## EXERCISE DESCRIPTION
Those lines of the following listing which contain the string "with" should be returned.

## SUPPLIED MATERIAL

■ ■ ■ ■ ■ ■ ■

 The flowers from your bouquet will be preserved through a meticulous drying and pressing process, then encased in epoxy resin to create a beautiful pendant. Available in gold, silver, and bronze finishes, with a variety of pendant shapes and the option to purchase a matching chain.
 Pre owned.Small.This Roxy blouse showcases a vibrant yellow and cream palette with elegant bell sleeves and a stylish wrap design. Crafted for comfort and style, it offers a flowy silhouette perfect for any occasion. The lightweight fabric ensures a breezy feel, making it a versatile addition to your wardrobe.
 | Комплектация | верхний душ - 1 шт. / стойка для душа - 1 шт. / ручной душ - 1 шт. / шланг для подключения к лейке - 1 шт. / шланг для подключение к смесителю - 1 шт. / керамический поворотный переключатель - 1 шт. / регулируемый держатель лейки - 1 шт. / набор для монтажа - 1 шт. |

■ ■ ■ ■ ■ ■ ■

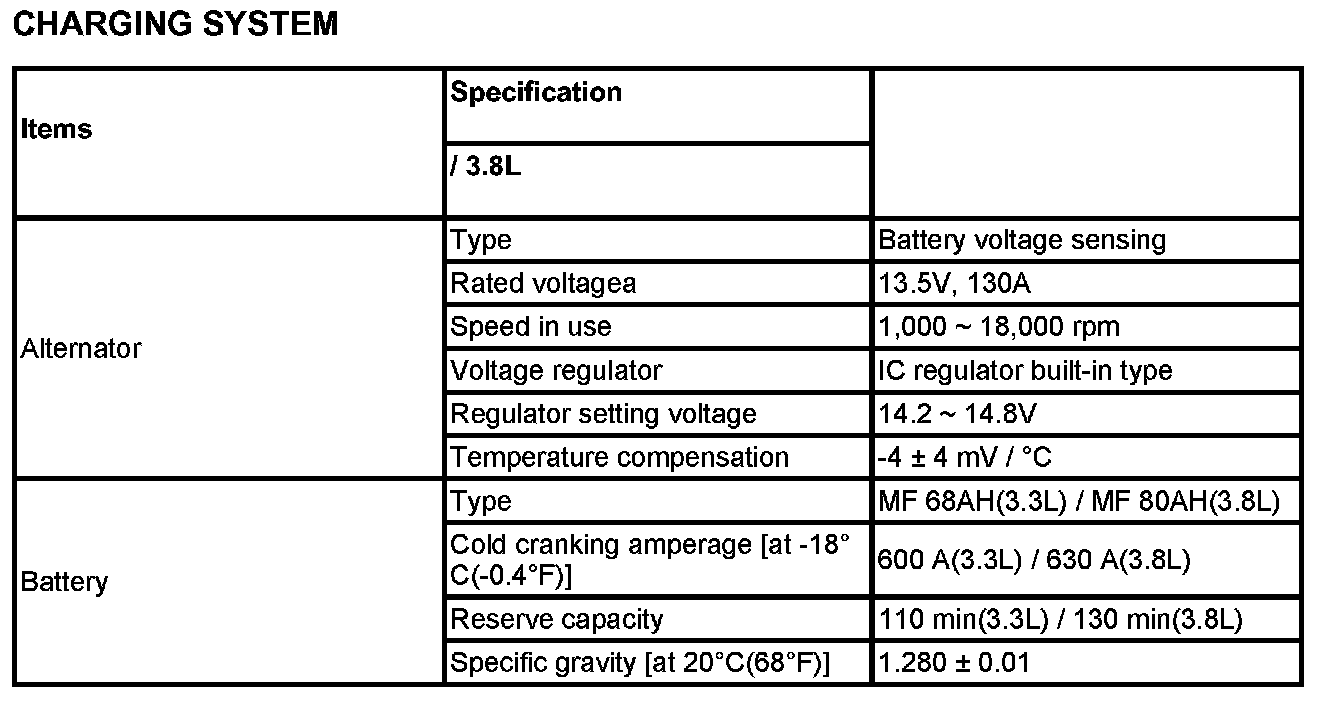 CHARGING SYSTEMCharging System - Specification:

■ ■ ■ ■ ■ ■ ■

## WORKED SOLUTION
 The flowers from your bouquet will be preserved through a meticulous drying and pressing process, then encased in epoxy resin to create a beautiful pendant. Available in gold, silver, and bronze finishes, with a variety of pendant shapes and the option to purchase a matching chain.
 Pre owned.Small.This Roxy blouse showcases a vibrant yellow and cream palette with elegant bell sleeves and a stylish wrap design. Crafted for comfort and style, it offers a flowy silhouette perfect for any occasion. The lightweight fabric ensures a breezy feel, making it a versatile addition to your wardrobe.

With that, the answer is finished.